Remaining arguments center around Kenworthy’s use of Outlook’s credit to build up Lui’s inventory and appellant’s theory that this caused Outlook to fail. We agree with the trial court that appellants have not produced sufficient proof of this allegation. First, we must observe that Kenworthy and Dr. Caudill maintained a close business relationship after Outlook was sold and it was with Caudill’s understanding and permission that Kenworthy was functioning as the buyer for both companies. Much of the merchandise, although delivered to Lui after the sale, was ordered before when Ken-worthy was the owner of both companies and had a perfect right to utilize the credit of Outlook when the purchases were made. Even though Caudill maintained that he was unaware that Outlook’s credit continued to be used by Kenworthy in making purchases for Lui there was no proof that this was a direct cause of Outlook’s ruin. It is equally feasible that Outlook failed because it was under capitalized and badly managed. Many checks were drawn by Dr. Caudill on Outlook for his personal expenses. It was shown that Outlook was probably over extended because of the opening of a branch in New Roads at a time when the original Outlook was already floundering.
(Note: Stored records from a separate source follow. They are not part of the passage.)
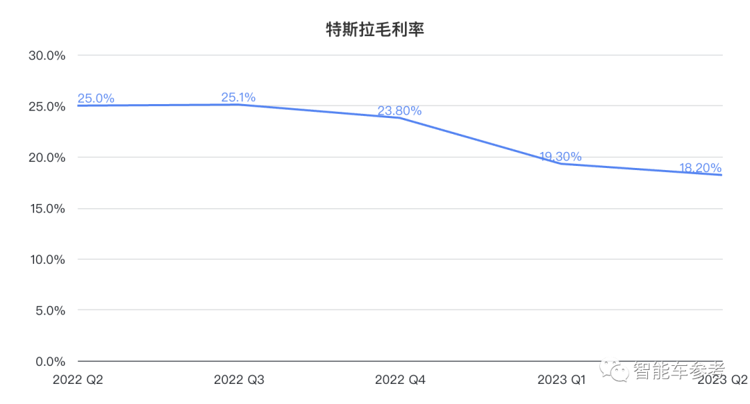 因为连续降价,二季度特斯拉的毛利率再次走低,达到三年多来最低水平,为18.20%。
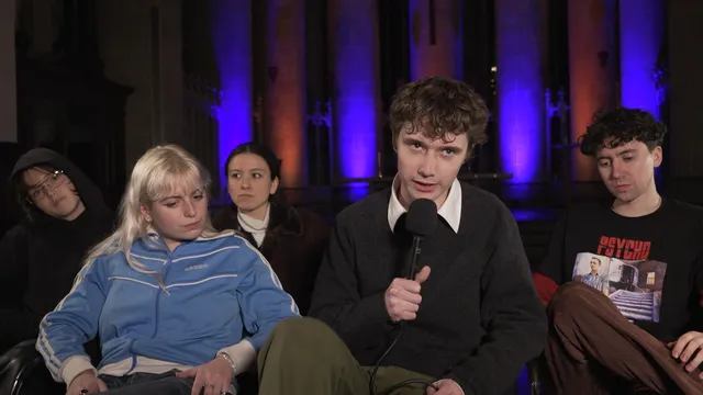 Wij spraken met Black Country, New Road in de Groningse Martinikerk. Over hoe referenties naar popcultuur helpen om emotioneel herkenbaar te zijn, wat de rol is van The Windmill in Brixton en de positieve rivaliteit met andere Speedy Wunderground artiesten als Squid en Black Midi.
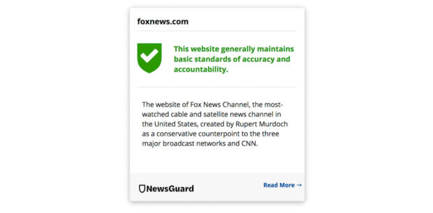 In August 2018, Microsoft rolled out the NewsGuard app, which vets news outlets according to a list of highly subjective standards presented as the site’s “Nutrition Facts,” which include “gathers and presents information responsibly” and “does not repeatedly publish false content,” among some more mundane items.

When the entire history of the relationship between Kenworthy and Caudill, the developments which took place following the sale on July 1 and the ultimate downfall of Outlook are considered in the light that Dr. Caudill made his first two payments due on the note, the logical explanation for this lawsuit appears to be that appellants were attempting to place the blame on Kenworthy for their own failure to make the business succeed. Ultimately, the only claim which was proved here was the note and all of the other claims were unproven.

Accordingly, the judgment appealed from is affirmed.

AFFIRMED.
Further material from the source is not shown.